Unfortunately, not schedulable as far as I know, the notification needs to be sent while the web worker is running. Again, I'd very much love be wrong about that, but I don't think there is any way for, just as an example, a habit tracking PWA to say "ask the user at 10:00AM every day if they've gone for a morning bike ride."

But you can get that behavior... if you set a web server and force the user to make an account and then log all of their habits in your server and then send out the notification yourself. Because... it's unfair for me to blame Google in this instance, I don't know it's their fault, but I do blame Google and I suspect it's their fault. I could be wrong though.


I don't know how fine grained you want your notifications to be, but you can get pretty far without storing user data by splitting notifications by topic on the queue, or by filtering client-side in the service worker itself.

But even then, the UX seems pretty bad; when I first created an app with web push, a few years ago, there was zero guarantee that notifications would ever show up, and they seemed to fall through very often, when the client (at least with Firefox Android) sits in the background; https://stackoverflow.com/q/60809681

i can't tell if the situation has improved recently -- anecdotally it seems like it's a bit better now -- but depending on what sort of notifications you want to push, that quickly becomes a complete showstopper.


> there was zero guarantee that notifications would ever show up, and they seemed to fall through very often, when the client (at least with Firefox Android) sits in the background

That could also be a longer conversation, but yeah, that was also my conclusion, and again... I don't have proof that this is Google's fault, but it stands out to me that notifications as they're built today are primarily useful for spammy advertisements and engagement requests and are extremely unreliable for everything else.

If your primary use case for notifications is telling the user that your blog published a new article or reminding them to check into their account or advertising a sale, then notifications are great; and you don't really care about reliability in that instance.

If you want notifications to be something the user can really rely on, ie calendar appointments, sign-in attempts, etc... they don't seem like they're trustworthy enough to do that.

Of course, we need those OS-level restrictions around notifications to stop abuse and spam, but that's only because it's super-easy to start spamming the user in the first place. And my pet conspiracy theory is that Google on some level looked at notifications and said "it's more important that it be easy for a blog to get somebody to click yes on this, than it is for us to build a transparent process to the user that would allow us to make the delivery more granular and more reliable." Instead of making it harder for websites to get notifications permissions in the first place, Google made them less reliable; the model is that you will have a bunch of sites that can spam you but they'll spam you unreliably.

Again, I can't prove that, and maybe things have improved, but it's just weird how the entire spec seems designed around advertisements/spam, even to the detriment of everything else.
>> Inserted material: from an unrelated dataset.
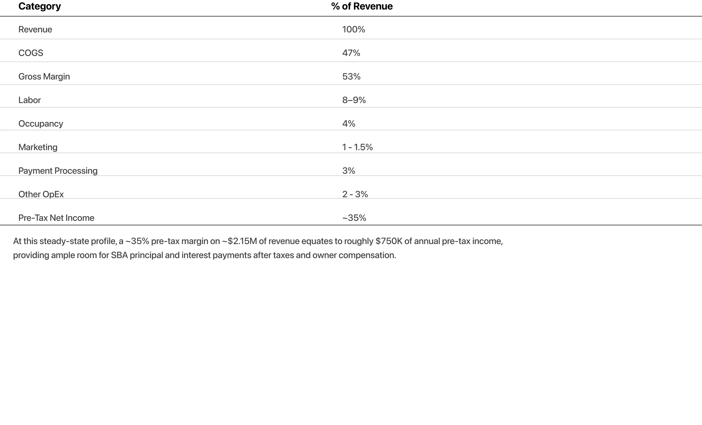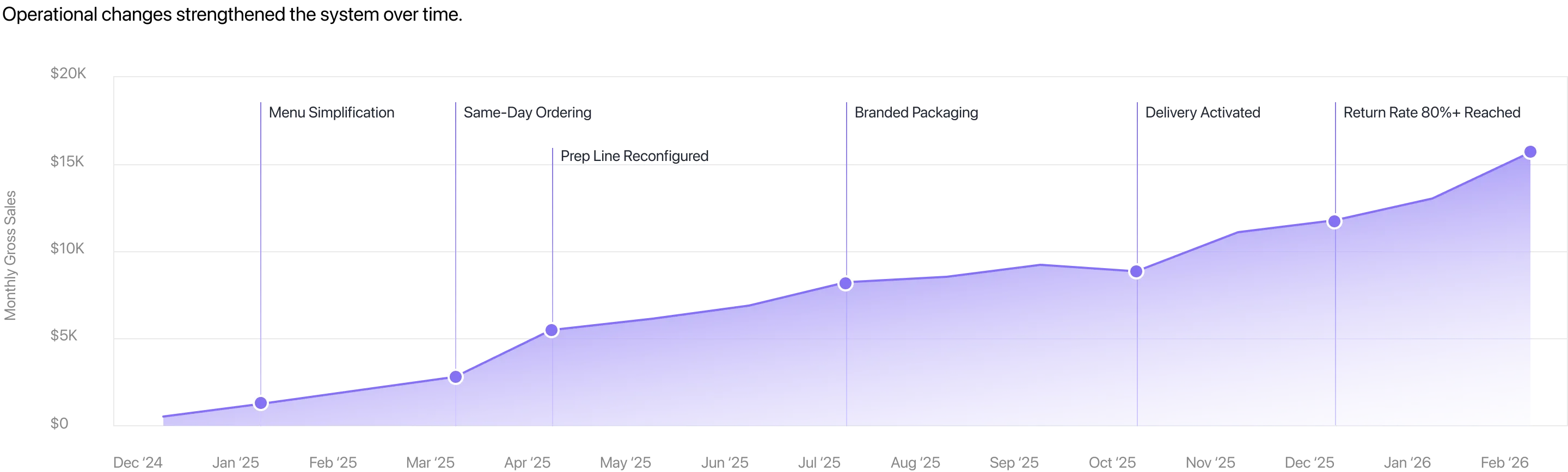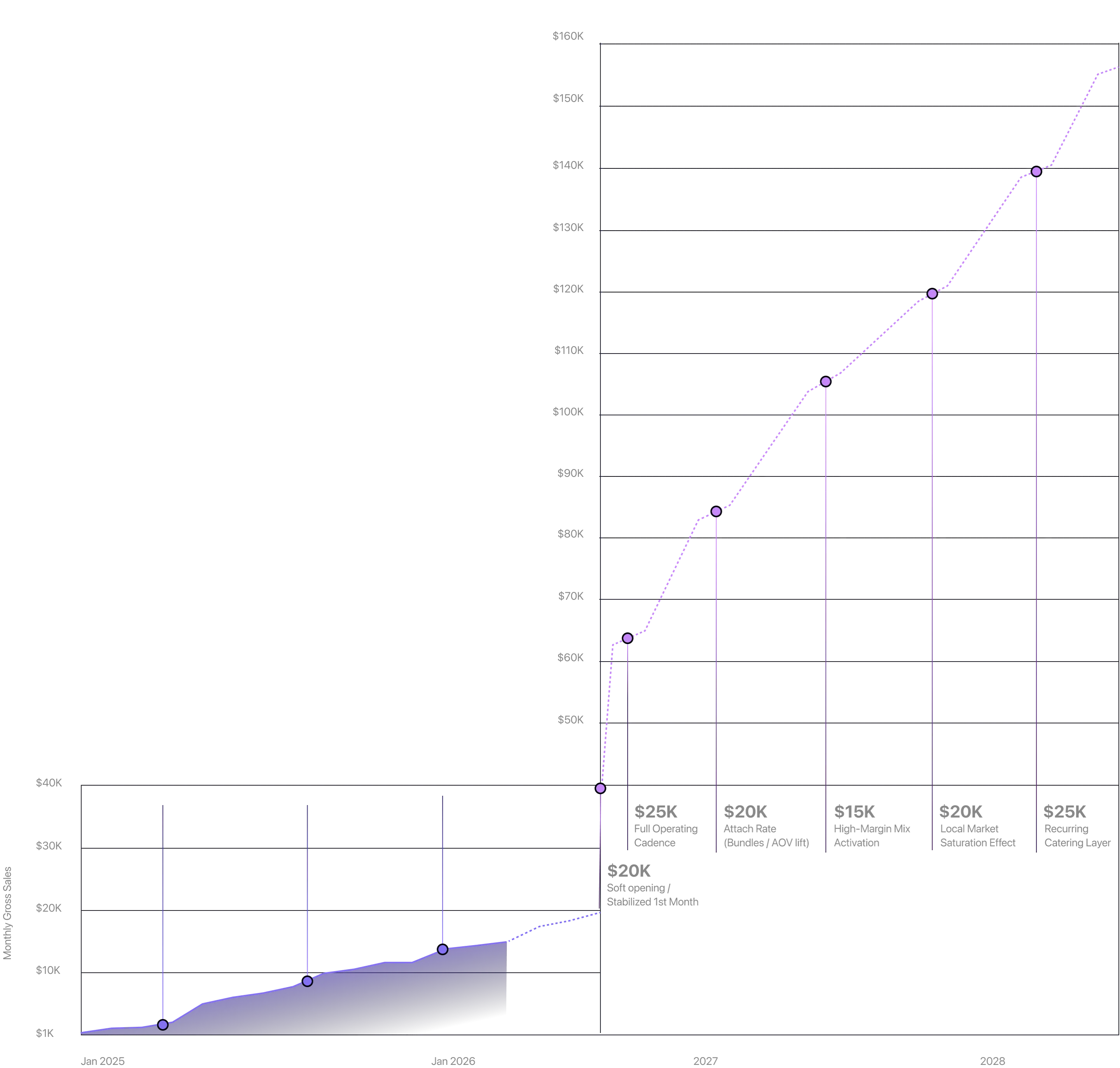 This timeline shows how one location scales the same way a product does — through sequential unlocks. We move from validated pilot demand to full retail operations, then layer in improvements like expanded hours, better order composition, higher-margin mix, and recurring catering.

You don't need an account and you can encrypt the message before queuing it on the server. Silly stupidity inefficient and won't work offline but it is quite easy to make a generic push message scheduling server that just pushes around blobs as requested by client-side code.


That's an interesting point. It's still pretty messy and inefficient, but you're right, you could at least get away with not exposing user data, even if you're still transmitting it around.

That's a good suggestion, I should play around with that some time.